**Answer:**

Let a be any positive integer and b = 3

a = 3q + r, where q ≥ 0 and 0 ≤ r < 3

a = 3q or 3q + 1 or 3q + 2

Therefore, every number can be represented as these three forms.

There are three cases.

**Case 1:** When a = 3q,

a^{3} = (3q)^{3} = 27q^{3} = 9(3q^{3})= 9m

Where m is an integer such that m = 3q^{3}

**Case 2:** When a = 3q + 1,

a^{3} = (3q +1)^{3}

a^{3} = 27q^{3} + 27q^{2} + 9q + 1

a^{3} = 9(3q^{3} + 3q^{2} + q) + 1

a^{3} = 9m + 1

Where m is an integer such that m = (3q^{3} + 3q^{2} + q)

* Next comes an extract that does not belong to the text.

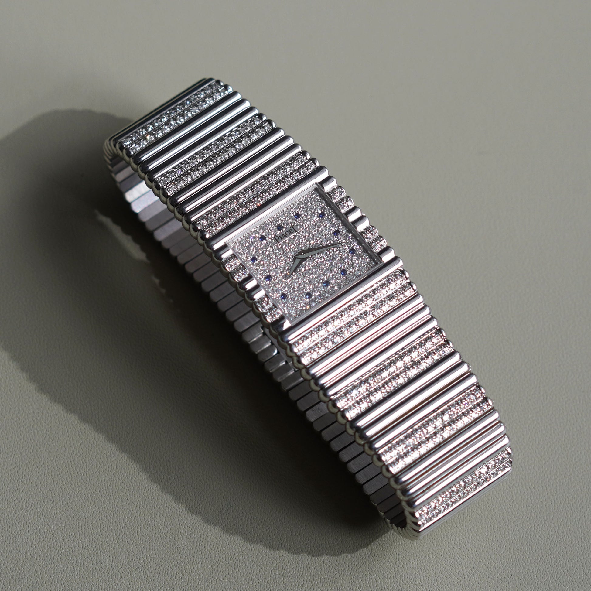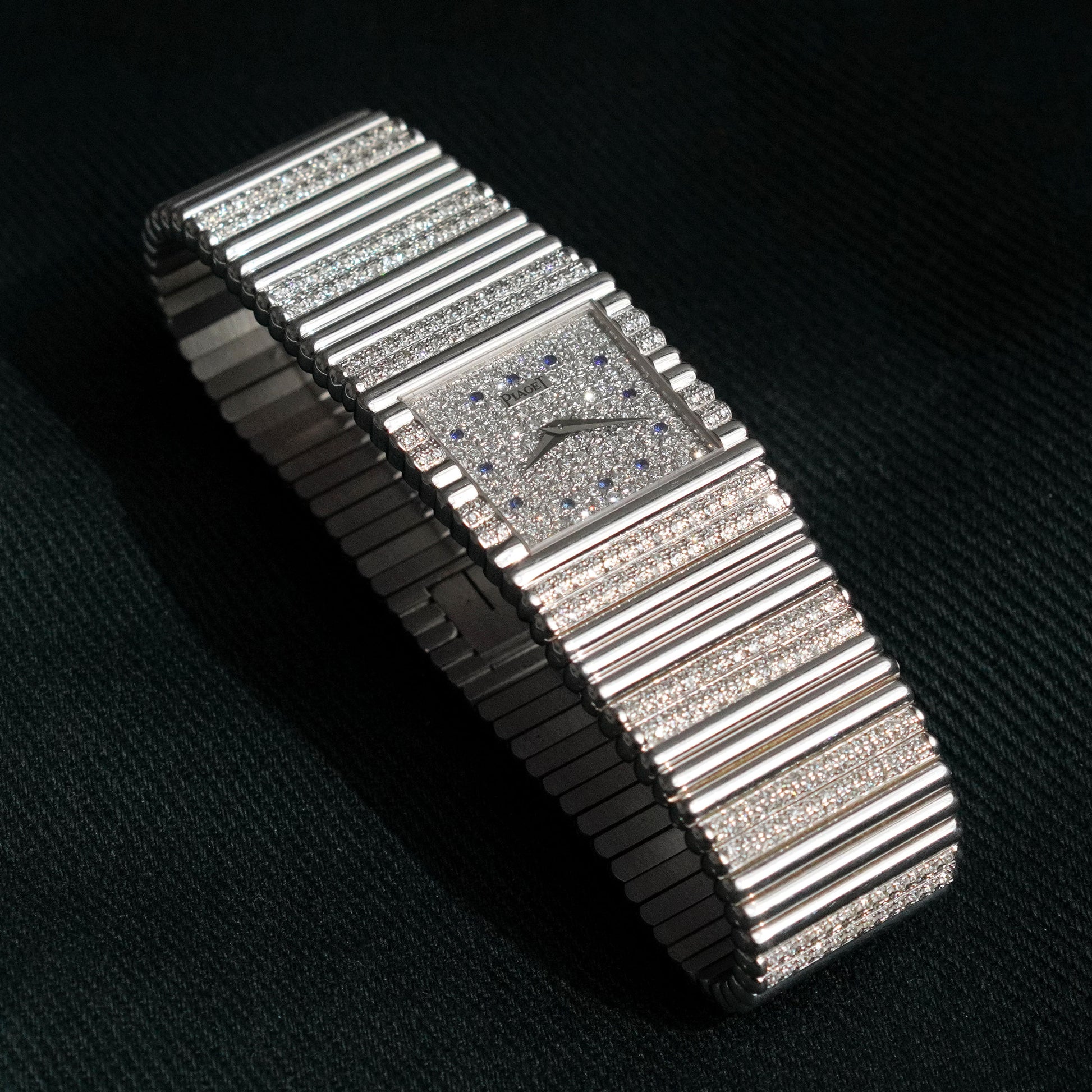 Piaget Emperador, Factory-Set Diamond Dial with Blue Sapphires and Diamond Bracelet, White Gold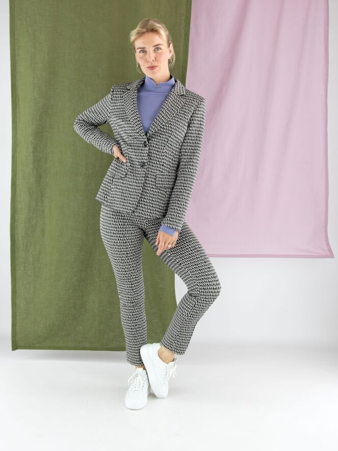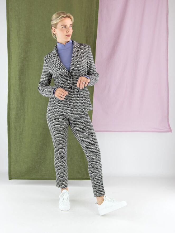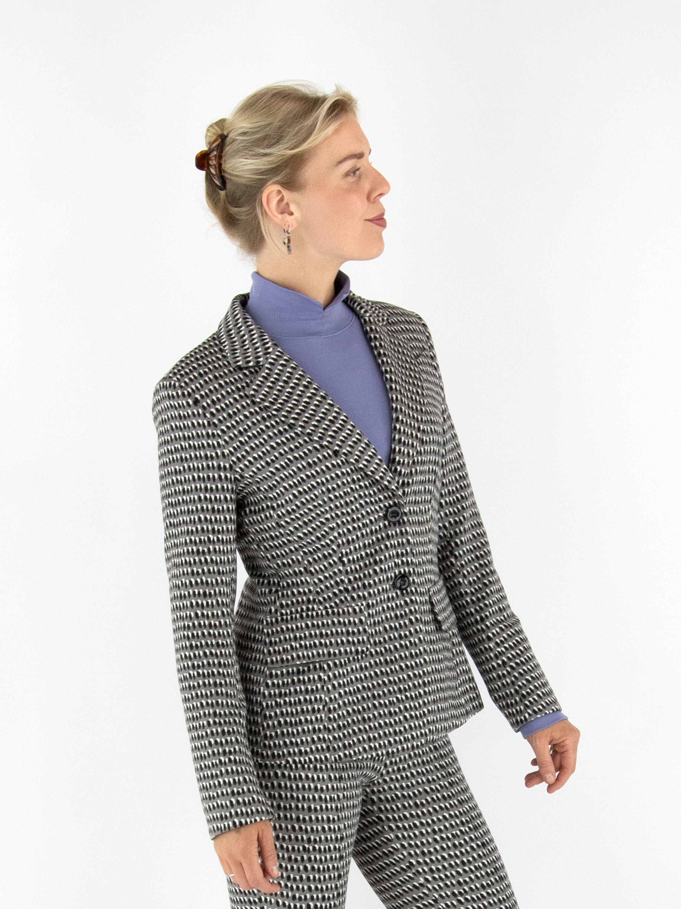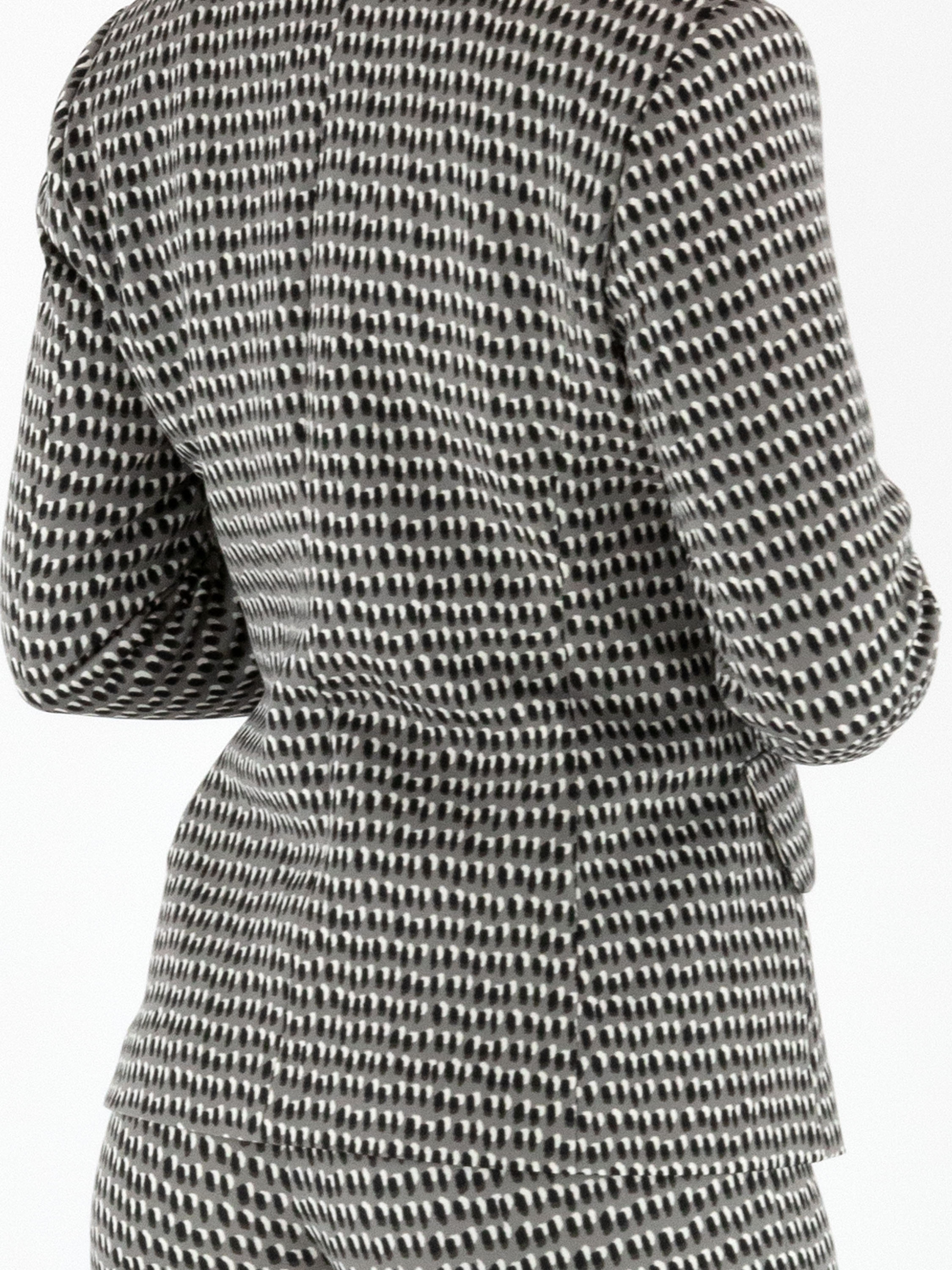 Blazer Marc Cain en matière scuba avec imprimé à pois noirs et blancs sur fond gris. Le blazer se ferme par deux boutons et est partiellement doublé. Ce vêtement peut être lavé à 30 degrés.

**Case 3:** When a = 3q + 2,

a^{3} = (3q +2)^{3}

a^{3} = 27q^{3} + 54q^{2} + 36q + 8

a^{3} = 9(3q^{3} + 6q^{2} + 4q) + 8

a^{3} = 9m + 8

Where m is an integer such that m = (3q^{3} + 6q^{2} + 4q)

Therefore, the cube of any positive integer is of the form 9m, 9m + 1, or 9m + 8.